My inner child frightens me

what she did in order to live,

what she saw and what still lurks

in the shadow of her ancient heart.

She must have been stronger than me

a hero and a demon distilled into one.

I cannot think of her

without remembering the shame,

the shame of my survival and the toll it took

to create of a child a perfect monster.

Leave Me Alone

I hammer down my initiative,

my curious expressions,

my solvent and elevating patterns.

I crouch distractedly beneath

a noxious wave of adrenalin.

How does one manage

the invisible terrors raised by the mind?

Objectivity is an illusion,

opinion implacable.

I take my demons with a shot of salt

but they only scream louder.

My muscles are a murder of nerves.

I loosen my gravity,

collide mid rotation

and rain down in chasms.

I am incomprehensible despite

my affinity for words.

My mouth dry, tongue a skein,

a skirmish, a skelter

of unverifiable platitudes.

I have amnesia,

it came upon me just now

despite no obvious confrontation.

You are so lovely but I hate you.

Hate you for compelling me to speak,

to assuage, to endear myself.

I must be left alone.

I am only clever when hidden.

In the open air, I am a fool,

a conjurer of excuses

sure to baffle and offend.

This poem is based somewhat loosely on my social experiences (not just the one I will mention below). Whenever I go into town people approach me, strangers. Strangers that want money, directions, companionship, assistance of every conceivable kind (doesn’t even matter that I am in no way qualified to provide the assistance). These strangers are often very persistent (to the point where I would consider it bullying). Going on and on and on about whatever their issue is no matter how politely or rudely I attempt to dissuade them. Screaming or running after me when I attempt to leave. This is a constant issue for me and because of my PTSD and social phobia it is really pushing me to agoraphobia. I usually only step foot in the city alone when I am going to therapy. I am very pushed for time when I arrive. My therapist’s office is a 20 minute walk from the bus stop so I don’t even have the time for a short conversation let alone to hear someone’s life story.

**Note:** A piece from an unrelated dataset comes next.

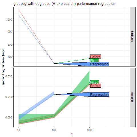 data.table:::`[.data.table`(d, , (max(v1)-min(v2)), by = id3)This setup and expression is then passed to atime_versions, along with a bit of package management information, and hashes (a.k.a. “Commit ID” or “SHA”) for the commits before, during, and after the performance regression.

I don’t make eye contact and I walk very swiftly but like I said the strangers jump out at me and often run after me calling out. After therapy I am so fragile I can’t handle strangers and again I don’t have a lot of extra time before the bus arrives.

Yesterday while attempting to get off the bus, a drunk man started pleading with me to take him home. I am terrified of drunk men, it is linked with my PTSD and it sent me into a full blown panic complete with nightmares. I have tried politeness, rudeness, and complete avoidance. So now I look to you guys for advice. What can I do or say to shut someone down instantly? Is there some way that I can dress that would prevent people from approaching me in the first place? People are also inclined to assist me so it shouldn’t be anything that makes it look like I need help or a stranger might take me home!

The Washbasin

Building 2
The sky splits into stitches of color
and in their wake my life dissolves.
I am only an impression,
spurious and effervescent.
I hold my breath, dipping my face
and all its particulars into the washbasin.

They say I have ruined myself with good intentions,
the need to be and not be simultaneously.
They say I am ugly, unworthy, distant.
How can one object to an opinion shared?

Death cannot be thwarted, held down, determined.
When I was still alive I could not imagine it
anything other than different but death
is the same except for the reversal of left and right.
Is it her face or mine and does it matter
who beget who now that we are both fully grown?